# HG changeset patch
# User wenzelm
# Date 1428316641 -7200
# Node ID a090551e5ec8fbd37e0153ea1d0713b86d27d57f
# Parent  251fa1530de151a6f52c0e3dc6a94e3c13787605
tuned;

diff -r 251fa1530de1 -r a090551e5ec8 src/HOL/HOL.thy
--- a/src/HOL/HOL.thy	Sat Apr 04 22:22:38 2015 +0200
+++ b/src/HOL/HOL.thy	Mon Apr 06 12:37:21 2015 +0200
@@ -1365,44 +1365,32 @@
 subsubsection {* Generic cases and induction *}
 
 text {* Rule projections: *}
-
 ML {*
 structure Project_Rule = Project_Rule
 (
   val conjunct1 = @{thm conjunct1}
   val conjunct2 = @{thm conjunct2}
   val mp = @{thm mp}
-)
+);
 *}
 
-definition induct_forall where
-  "induct_forall P == \<forall>x.

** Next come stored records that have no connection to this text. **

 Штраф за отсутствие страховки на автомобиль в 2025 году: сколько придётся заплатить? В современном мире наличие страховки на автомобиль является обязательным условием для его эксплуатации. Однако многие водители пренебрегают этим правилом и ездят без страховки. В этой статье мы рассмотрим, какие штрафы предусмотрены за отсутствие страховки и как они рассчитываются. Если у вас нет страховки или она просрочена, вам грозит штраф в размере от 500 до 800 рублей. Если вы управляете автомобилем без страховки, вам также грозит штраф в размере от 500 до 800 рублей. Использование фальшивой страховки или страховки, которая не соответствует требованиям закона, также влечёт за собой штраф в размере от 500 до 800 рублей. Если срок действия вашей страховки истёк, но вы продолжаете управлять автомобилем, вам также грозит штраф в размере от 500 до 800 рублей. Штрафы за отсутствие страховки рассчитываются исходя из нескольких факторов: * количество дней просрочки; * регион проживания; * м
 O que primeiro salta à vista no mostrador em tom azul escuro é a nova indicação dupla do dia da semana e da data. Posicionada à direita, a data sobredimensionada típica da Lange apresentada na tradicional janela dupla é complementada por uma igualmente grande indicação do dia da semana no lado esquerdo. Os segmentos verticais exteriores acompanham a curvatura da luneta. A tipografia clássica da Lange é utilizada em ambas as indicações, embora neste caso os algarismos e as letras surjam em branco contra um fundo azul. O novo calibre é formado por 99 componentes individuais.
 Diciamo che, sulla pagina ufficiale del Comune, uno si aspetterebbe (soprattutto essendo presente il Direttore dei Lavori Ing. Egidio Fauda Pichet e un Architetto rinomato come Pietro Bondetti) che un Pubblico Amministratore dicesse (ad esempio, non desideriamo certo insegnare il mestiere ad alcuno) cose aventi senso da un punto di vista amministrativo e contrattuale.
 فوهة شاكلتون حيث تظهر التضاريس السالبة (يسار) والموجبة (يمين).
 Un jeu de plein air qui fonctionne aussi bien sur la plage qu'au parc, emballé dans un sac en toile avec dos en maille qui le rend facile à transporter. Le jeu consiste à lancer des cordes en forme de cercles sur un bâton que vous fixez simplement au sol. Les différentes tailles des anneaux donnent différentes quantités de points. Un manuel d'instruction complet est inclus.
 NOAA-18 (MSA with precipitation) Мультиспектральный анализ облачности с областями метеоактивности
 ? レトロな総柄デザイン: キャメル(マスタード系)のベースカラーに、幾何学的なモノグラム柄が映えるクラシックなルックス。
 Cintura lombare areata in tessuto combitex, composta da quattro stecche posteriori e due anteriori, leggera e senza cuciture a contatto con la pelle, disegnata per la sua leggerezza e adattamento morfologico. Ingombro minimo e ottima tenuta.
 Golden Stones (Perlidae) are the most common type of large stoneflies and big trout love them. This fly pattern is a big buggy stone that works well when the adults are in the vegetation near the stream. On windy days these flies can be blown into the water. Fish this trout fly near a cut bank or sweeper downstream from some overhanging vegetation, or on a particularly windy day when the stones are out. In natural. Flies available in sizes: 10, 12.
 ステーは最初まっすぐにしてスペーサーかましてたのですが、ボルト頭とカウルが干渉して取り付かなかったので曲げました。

P x"
-
-definition induct_implies where
-  "induct_implies A B == A \<longrightarrow> B"
-
-definition induct_equal where
-  "induct_equal x y == x = y"
+definition "induct_forall P \<equiv> \<forall>x. P x"
+definition "induct_implies A B \<equiv> A \<longrightarrow> B"
+definition "induct_equal x y \<equiv> x = y"
+definition "induct_conj A B \<equiv> A \<and> B"
+definition "induct_true \<equiv> True"
+definition "induct_false \<equiv> False"
 
-definition induct_conj where
-  "induct_conj A B == A \<and> B"
-
-definition induct_true where
-  "induct_true == True"
-
-definition induct_false where
-  "induct_false == False"
-
-lemma induct_forall_eq: "(!!x. P x) == Trueprop (induct_forall (\<lambda>x. P x))"
+lemma induct_forall_eq: "(\<And>x. P x) \<equiv> Trueprop (induct_forall (\<lambda>x. P x))"
   by (unfold atomize_all induct_forall_def)
 
-lemma induct_implies_eq: "(A ==> B) == Trueprop (induct_implies A B)"
+lemma induct_implies_eq: "(A \<Longrightarrow> B) \<equiv> Trueprop (induct_implies A B)"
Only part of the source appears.